CoinEx and Iran's $3.84B Crypto Flows: What TRM Labs Found
On June 25, blockchain analytics firm TRM Labs published a report claiming that Iran-linked wallets moved more than $3.84 billion through the crypto exchange CoinEx since 2019. The report landed just weeks after the US Treasury sanctioned four of Iran's largest crypto exchanges — Nobitex, Wallex, Bitpin and Ramzinex — in early June. CoinEx denies the allegations.
How TRM Labs says the scheme worked
According to TRM Labs, CoinEx had direct transactional ties to more than 60 Iranian crypto platforms, with local Iranian exchanges routing 5–10% of their volume through it — a pattern the firm says points to a coordinated arrangement rather than organic user activity.
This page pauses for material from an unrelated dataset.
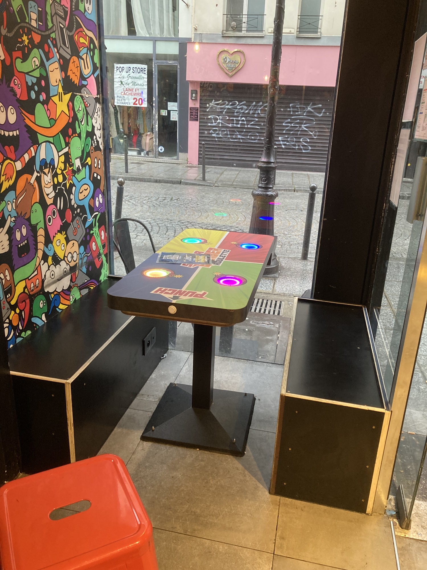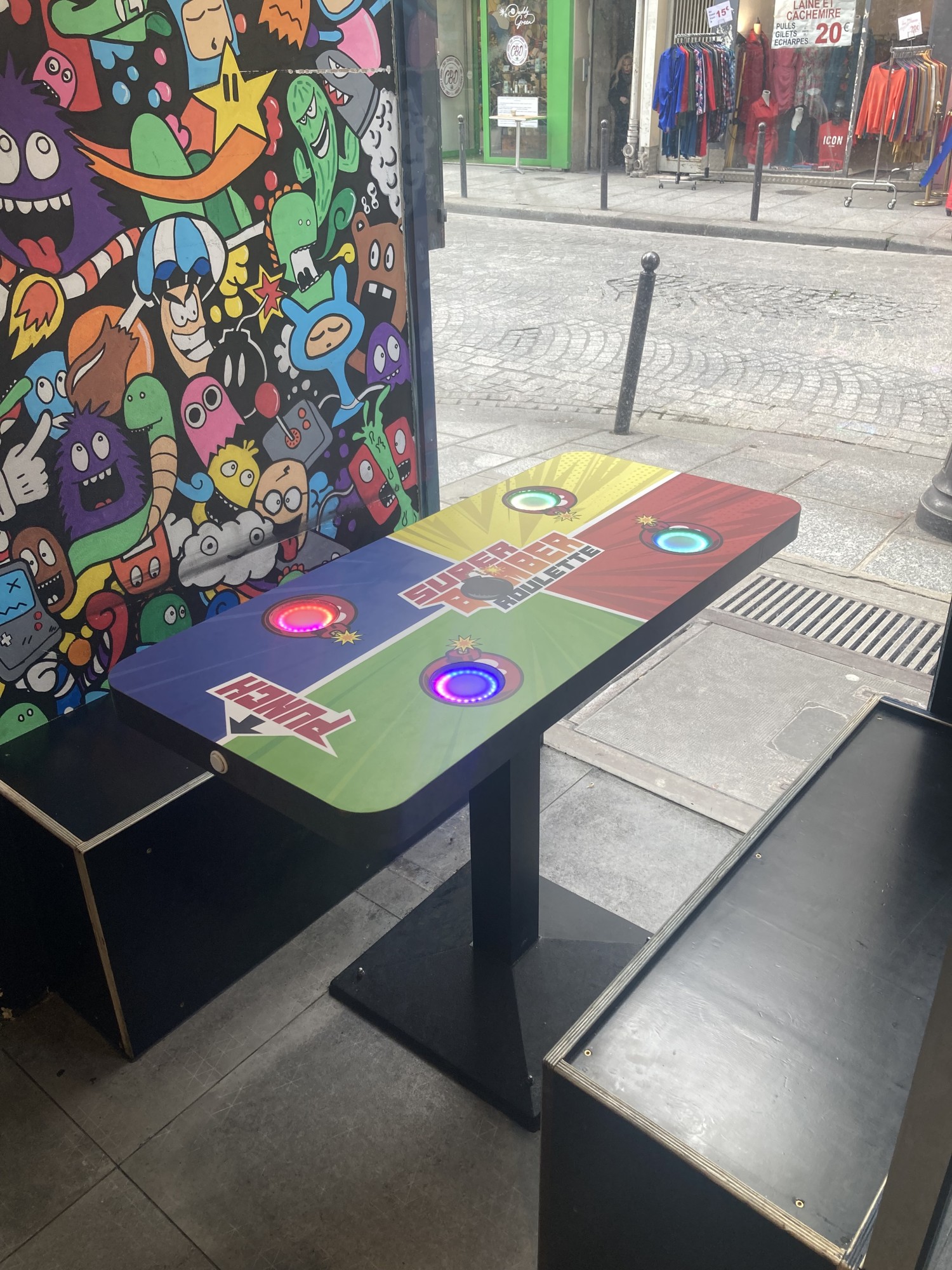Cette table, unique au monde a été entièrement conçu et développé par nos soins pour le bar Player One Paris.

CoinEx alone processed roughly $2.7 billion in transfers with Nobitex, Iran's largest exchange. A separate, more targeted scheme was also traced: between June 2025 and June 2026, $67 million flowed from Iran's Central Bank into CoinEx addresses through a mechanism Iranian operators internally called "National–Tether," run through the National Iranian Exchange (NIE). Transfers exceeding $5 million in USDT on TRON were split into smaller increments, bridged to Ethereum, converted into Aave protocol tokens through Gnosis Safe multisig wallets, run through a second round of bridging, and only then cashed out via CoinEx.
TRM Labs put it directly in an official statement: "Since 2019, Iran-linked wallets have moved over USD 3.84 billion in transactions through crypto exchange CoinEx, according to TRM Labs research cited in a new @WSJ investigation. By 2024, CoinEx had replaced Binance as the largest foreign counterparty to Iran's Nobitex exchange."
What CoinEx says
CoinEx rejected the findings, saying it has "never established any commercial relationship with Iranian government-related entities, Iranian domestic exchanges" and provided no "active assistance to Iranian government agencies, Revolutionary Guard-related entities, or other sanctioned parties." The exchange also noted its domain has been blocked inside Iran since 2021.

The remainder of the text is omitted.